Reader's Diary #33- Margaret Atwood: Selected Poems II (up to "The Bus to Alliston, Ontario")


In my last posting about this book, I said I wasn't impressed. That's changed.

Since then I read "The Bus To Alliston, Ontario". Simply put, this is now added to my short list of favourite poems. The others being "l(a" by e. e. cummings, "Stopping By The Woods On A Snowy Evening" by Robert Frost and "This is Just To Say" by William Carlos Williams.

My wife went to highschool in Alliston and I remembered her mentioning this particular poem to me. Though I mistakenly remembered that she didn't like it. So after reading it through twice I thought, "Geez, this is great. What am I missing?" So I reread it a third time, trying to find a problem, some reason that she didn't like it. But upon rereading it, I found even more that I DID like. So I read it again and again. And wow! This is a great poem. I don't even care if the rest of the poems in this collection are crap, it was worth the read just to find this one. I couldn't even read the next poem afterward because I just wanted to mull over "The Bus To Alliston, Ontario" for a while.

So why is it so great? Primarily I think it's because of the imagery. Lines like "Outside, the moon is fossil/ white..." just hammered home the themes of mortality versus immortality while creating such a visual that for a moment I was traveling to Alliston. Secondly, those themes. I love poems that contemplate the higher meanings of life while still anchoring themselves in the mundane. Atwood creates the illusion of a simple winter bus ride while focusing the reader's attention on what it means to be mortal and immortal at the same time.
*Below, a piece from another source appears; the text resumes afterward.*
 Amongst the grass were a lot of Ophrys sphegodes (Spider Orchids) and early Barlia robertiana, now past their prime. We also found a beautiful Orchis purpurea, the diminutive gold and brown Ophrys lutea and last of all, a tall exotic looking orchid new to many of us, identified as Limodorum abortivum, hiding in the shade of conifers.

We live short lives but our memories and presence live on. It comes close to my own view of the afterlife so the poem probably has more appeal to me than a lot of people. I also like the cyclical nature of the poem (again tying in with the themes). For instance, in the opening stanza Atwood describes snow along the roadside "...sends dunes/ onto the pavement..." and the concluding paragraph returns to the desert imagery "...the snow/ is an unbroken spacelit/ desert...". Just beautiful.
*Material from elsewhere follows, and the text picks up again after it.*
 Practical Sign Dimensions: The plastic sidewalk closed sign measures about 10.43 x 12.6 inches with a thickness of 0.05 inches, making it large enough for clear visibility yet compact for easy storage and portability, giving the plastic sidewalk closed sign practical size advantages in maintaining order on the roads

I was a little curious with the choice of Alliston. With no offense meant to the people of Alliston, I don't know of anything particularly special about the place. I thought maybe that was part of the point- again going back to anchoring high meaning in the mundane. However, every other word in this poem seemed to be misleadingly simple and so I had the suspicion that "Alliston" held some other importance as well. So I broke out the ol' internet and did some snooping. Actually, the searching wasn't that hard. Atwood, it seemed, owned a farm in Alliston when this poem was written (maybe she still does, I don't know). So the bus "to Alliston" was a busride home. Not that this couldn't be concluded from the poem itself, but somehow it makes the poem a little more personal and heartfelt in my opinion.